In Tunisia, attempts to “save the country”

by time news

The president of the Tunisian electoral body was betting on a rebound in participation for the second round of legislative elections this Sunday, January 29, after the fiasco of the first round on December 17. Alas, the disaffection is just as massive, with an abstention rate of nearly 89%.

The 154 elected (1), of whom only a dozen are women, have no legitimacy in the eyes of the political parties excluded from this single-member ballot designed by President Kaïs Saïed who cultivates a hatred against them and has granted himself the full powers in 2021. The five parties, including the Islamists of Ennahda, united within the National Salvation Front have thus called for “to work hand in hand to create change by the departure of Kaïs Saïed and going to an early presidential election”.

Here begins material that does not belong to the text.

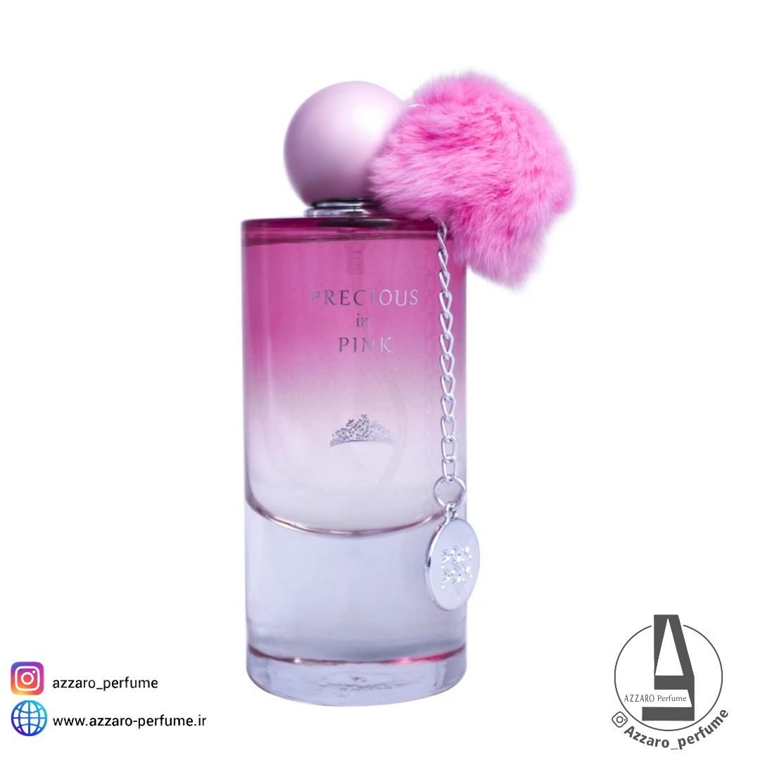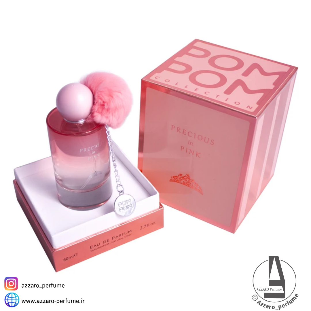 ادو پرفیوم زنانه پوم پوم مدل Precious In Pink حجم 80 میل در سال 2018 به بازار عرضه شد. رایحه ملایم و چوبی این ادو پرفیوم مناسب برای استفاده بانوان جوان در مراسم های رسمی و در تمام فصلها می باشد. برند پوم پوم ادوپرفیوم های خود را در ۶ رایحه و رنگ متفاوت به بازار عرضه کرده است. طراحی بکار رفته در این عطر بسیار جذاب و مناسب برای هدیه دادن میباشد. بطری Precious In Pink بسیار مدرن بوده و به خوبی در دست قرار میگیرد. درپوش صورتی رنگ آن دارای یک گوی زیبا از جنس الیاف بسیار نرم و لطیف است که آن را همراهی میکند. با اولین اسپری از این عطر بر روی نبض یا لباستان رایحهی ترنج و مرکبات به عنوان نت اولیه شنیده میشود. با گذشت زمان رایحههای یلانگ یلانگ، یاس، پونه کوهی، اقاقیا و نتهای گلی به عنوان نت های میانی رخ مینماید. پس از آن رایحه نت های چوبی، چوب صندل، مشک و سدر به عنوان نت های پایانی مشام شما را پر خواهد کرد. ادو پرفیوم زنانه پوم پوم ماندگاری نسبتا طولانی داشته و رد بویی جذاب از خود بر جای میگذارد.

“There is no political alternative”

“But the opposition is split into three irreconcilable blocs,” comments Hatem Nafti, author of Tunisia, towards an authoritarian populism? (2). ” On the one hand, he details, the Islamists and their allies who want to return to power without learning from their failures; on the other, the party of Abir Moussi, from the dissolved party of ex-president Ben Ali, which wants to return to the old regime and close the parenthesis of the democratic transition opened in 2011; and finally the parties of the center and of the left, allied to the defenders of human rights, themselves very divided. »

“There is no political alternative”, summarizes, concisely, the sociologist Mehdi Mabrouk. And Tunisia is sinking month after month into what some call a “Lebanization” of the country made up of shortages, inflation, degradation of public services, informal trade and migration flight. Faced with this disintegration, Kaïs Saïed certainly loses its aura. “But he still remains in the lead in the polls”, He hates Nafti.

A quartet to save what was the pearl of the Arab Spring

And according to him, the boycott of the poll is directed as much against the president as against the discredited political parties. Almost all Tunisians applauded when Kaïs Saïed carried out his coup on July 25, 2021 and suspended a parliament that had been a miserable spectacle, unable to stimulate the smooth running of the country. Including the powerful UGTT trade union center and other civil society organizations which today seek to organize themselves to “save the country”.

The UGTT has joined forces with the League for Human Rights, the Bar Association and the Forum for Economic and Social Rights (FTDES), to form a “quartet”, dreaming of once again taking on the role as a scout in the country, like the quartet created in 2013 when Tunisia threatened to slide into civil war. This earned them a Nobel Peace Prize in 2015.

“Three political, economic and social commissions have been created within the quartet and are giving themselves a month to give a roadmap to the president and the population”, says Abderrahman Hedhili, president of the FTDES, who wants to believe that history can repeat itself to save once again what was the pearl of the Arab spring.